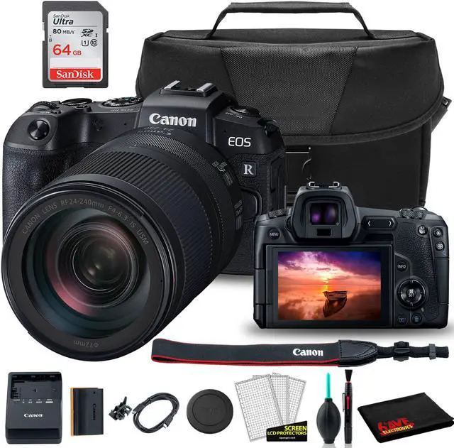 Bundle Includes: Canon EOS RP Mirrorless Digital Camera with 24-240mm Lens (3380C032), EOS Bag, Sandisk Ultra 64GB Card, Clean and Care Kit. 26.2MP Full-Frame CMOS Sensor | DIGIC 8 Image Processor. UHD 4K and Full HD 1080 Video | 2.36m-Dot OLED Electronic Viewfinder. Impressively small despite having a large full-frame sensor, the Canon EOS RP offers flexible imaging capabilities along with a portable form factor.. Featuring a high-resolution 26.2MP full-frame CMOS sensor along with a DIGIC 8 image processor, both stills and UHD 4K video can be recorded using a broad sensitivity range, from ISO 100-40000, to suit working in a variety of lighting conditions.
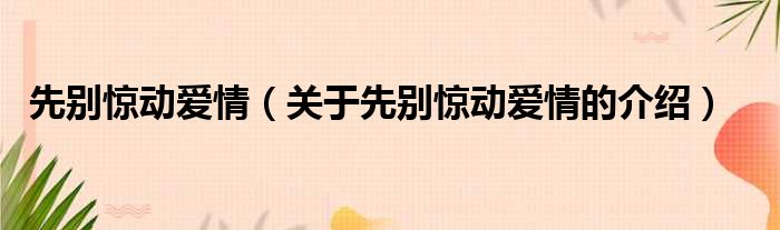 先别惊动爱情(关于先别惊动爱情的介绍)
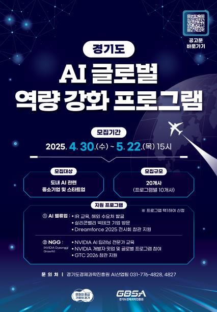 프로그램은 ‘AI 밸류업’과 ‘NGG(NVIDIA Gyeonggi Growth)’ 총 두 개로 구성되며, 주제마다 10개 기업을 선정해 맞춤형 글로벌 진출 기회를 제공한다.
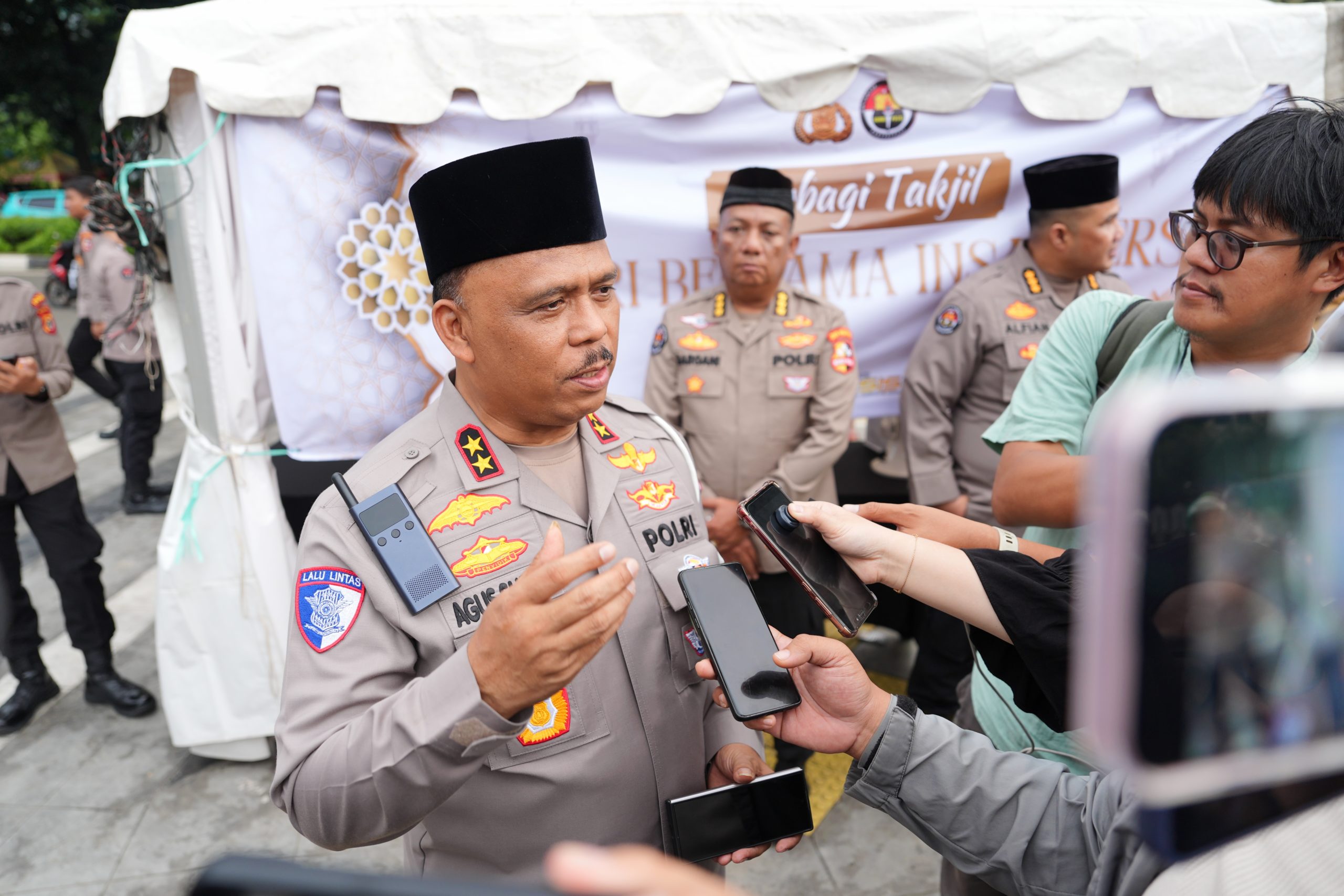 “Operasi Ketupat 2026 bukan hanya operasi di bidang lalu lintas, bukan berkaitan dengan mudik dan balik tetapi operasi ketupat adalah Polri hadir untuk menjaga momen sosial, baik spiritual, rangkaian bulan suci Ramadan, dan idul fitri harus aman,” ujar Kakorlantas Polri Irjen Pol Drs. Agus Suryonugroho, S.H., M.Hum., saat membagikan takjil di Lingkungan Mabes Polri.
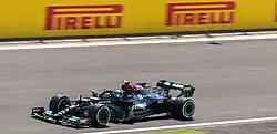Bottas qualified seventh at the Russian Grand Prix but was again demoted to the back after another engine change.[177] A well-timed pitstop for intermediate tyres on the rapidly dampening track promoted him to fifth place at the end.[178] He qualified second at the Turkish Grand Prix but started on pole after Hamilton incurred a grid penalty. He went on to claim his first and only victory of the year by passing Charles Leclerc for the lead after pitting,[179] a win he described as one of his best ever.[180] Another engine penalty came at the United States Grand Prix causing him to start ninth;[181] he gained places to finish sixth.[182] He claimed pole position at the Mexico City Grand Prix, but a slow start and contact with Daniel Ricciardo dropped him to the back. He was later brought into the pits multiple times for soft tyres in order to deny Max Verstappen the bonus point for the fastest lap, which was successful.[183] He qualified third at the São Paulo Grand Prix and benefited from Hamilton's disqualification and an overtake on Verstappen to win the sprint qualifying session,[184] but ultimately dropped behind both drivers in the race.[185] He received a grid penalty at the Qatar Grand Prix for a yellow-flag infringement and ultimately retired from the race with puncture damage,[186] but followed this with a podium finish at the inaugural Saudi Arabian Grand Prix after passing Esteban Ocon metres before the finish line.[187] He ended the season by qualifying and finishing sixth at the Abu Dhabi Grand Prix.[188]
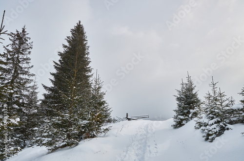 © Ryzhkov Oleksandr, Fototapeta premium Snowy path with footprints leading over a hill into dense fog.
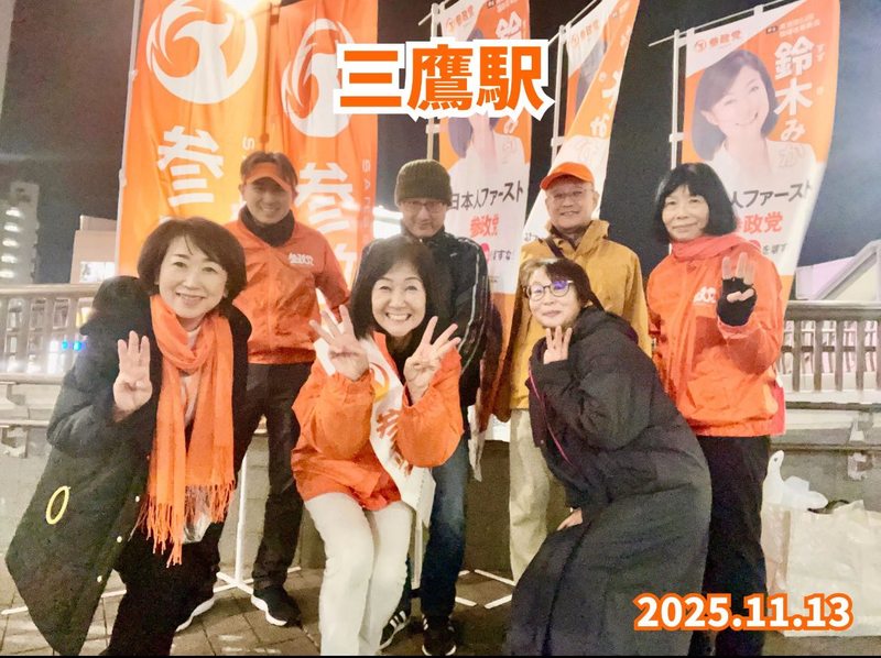 ホーム>政党・政治家>鈴木 みか (スズキ ミカ)>2025.11.13(木)①朝7:00〜8:40.仙川駅②夕18:00〜19:00三鷹駅とでも...
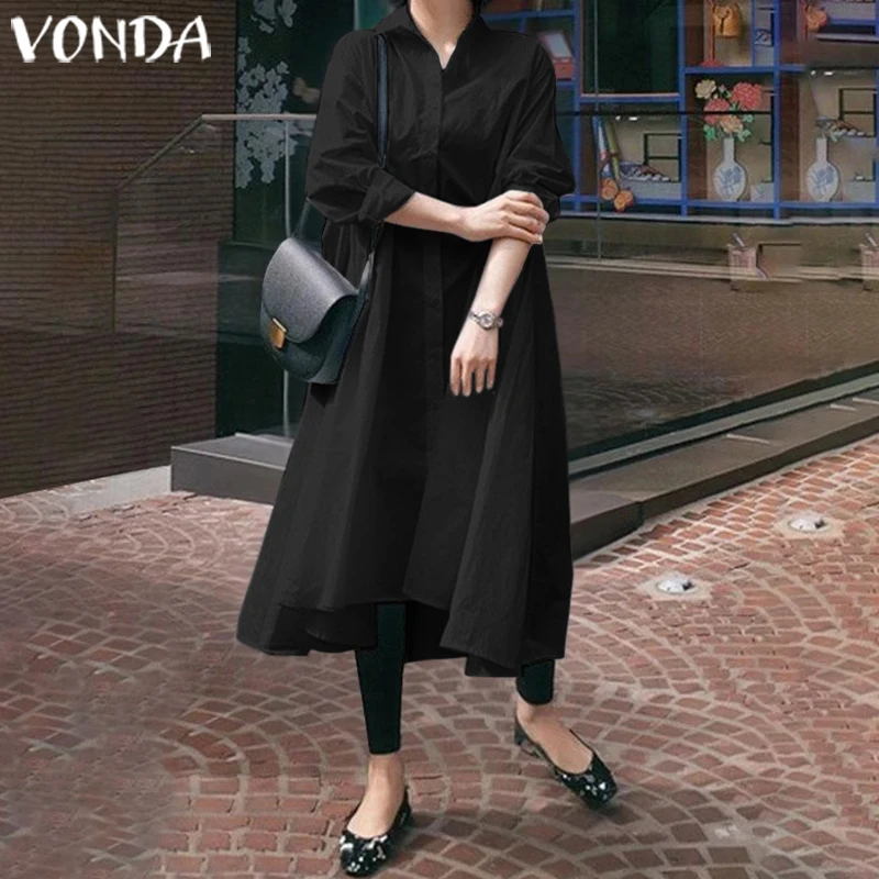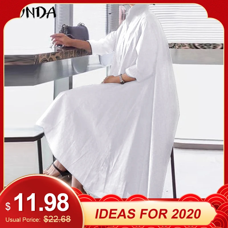 Special Offer VONDA sukienka asymetryczna damska seksowna puchowa obroża biała sukienka biurowa, damska Sundress Casual Loose Vestido Plus Size Discount 45% Today!

※ ※ ※

_REQUIREMENT_: When a picture appears among the entries, skip it; transcribe everything else exactly.

_SOLUTION TO THE PROBLEM_:
 Bundle Includes: Canon EOS RP Mirrorless Digital Camera with 24-240mm Lens (3380C032), EOS Bag, Sandisk Ultra 64GB Card, Clean and Care Kit. 26.2MP Full-Frame CMOS Sensor | DIGIC 8 Image Processor. UHD 4K and Full HD 1080 Video | 2.36m-Dot OLED Electronic Viewfinder. Impressively small despite having a large full-frame sensor, the Canon EOS RP offers flexible imaging capabilities along with a portable form factor.. Featuring a high-resolution 26.2MP full-frame CMOS sensor along with a DIGIC 8 image processor, both stills and UHD 4K video can be recorded using a broad sensitivity range, from ISO 100-40000, to suit working in a variety of lighting conditions.
 先别惊动爱情(关于先别惊动爱情的介绍)
 프로그램은 ‘AI 밸류업’과 ‘NGG(NVIDIA Gyeonggi Growth)’ 총 두 개로 구성되며, 주제마다 10개 기업을 선정해 맞춤형 글로벌 진출 기회를 제공한다.
 “Operasi Ketupat 2026 bukan hanya operasi di bidang lalu lintas, bukan berkaitan dengan mudik dan balik tetapi operasi ketupat adalah Polri hadir untuk menjaga momen sosial, baik spiritual, rangkaian bulan suci Ramadan, dan idul fitri harus aman,” ujar Kakorlantas Polri Irjen Pol Drs. Agus Suryonugroho, S.H., M.Hum., saat membagikan takjil di Lingkungan Mabes Polri.
Bottas qualified seventh at the Russian Grand Prix but was again demoted to the back after another engine change.[177] A well-timed pitstop for intermediate tyres on the rapidly dampening track promoted him to fifth place at the end.[178] He qualified second at the Turkish Grand Prix but started on pole after Hamilton incurred a grid penalty. He went on to claim his first and only victory of the year by passing Charles Leclerc for the lead after pitting,[179] a win he described as one of his best ever.[180] Another engine penalty came at the United States Grand Prix causing him to start ninth;[181] he gained places to finish sixth.[182] He claimed pole position at the Mexico City Grand Prix, but a slow start and contact with Daniel Ricciardo dropped him to the back. He was later brought into the pits multiple times for soft tyres in order to deny Max Verstappen the bonus point for the fastest lap, which was successful.[183] He qualified third at the São Paulo Grand Prix and benefited from Hamilton's disqualification and an overtake on Verstappen to win the sprint qualifying session,[184] but ultimately dropped behind both drivers in the race.[185] He received a grid penalty at the Qatar Grand Prix for a yellow-flag infringement and ultimately retired from the race with puncture damage,[186] but followed this with a podium finish at the inaugural Saudi Arabian Grand Prix after passing Esteban Ocon metres before the finish line.[187] He ended the season by qualifying and finishing sixth at the Abu Dhabi Grand Prix.[188]
 © Ryzhkov Oleksandr, Fototapeta premium Snowy path with footprints leading over a hill into dense fog.
 ホーム>政党・政治家>鈴木 みか (スズキ ミカ)>2025.11.13(木)①朝7:00〜8:40.仙川駅②夕18:00〜19:00三鷹駅とでも...
 Special Offer VONDA sukienka asymetryczna damska seksowna puchowa obroża biała sukienka biurowa, damska Sundress Casual Loose Vestido Plus Size Discount 45% Today!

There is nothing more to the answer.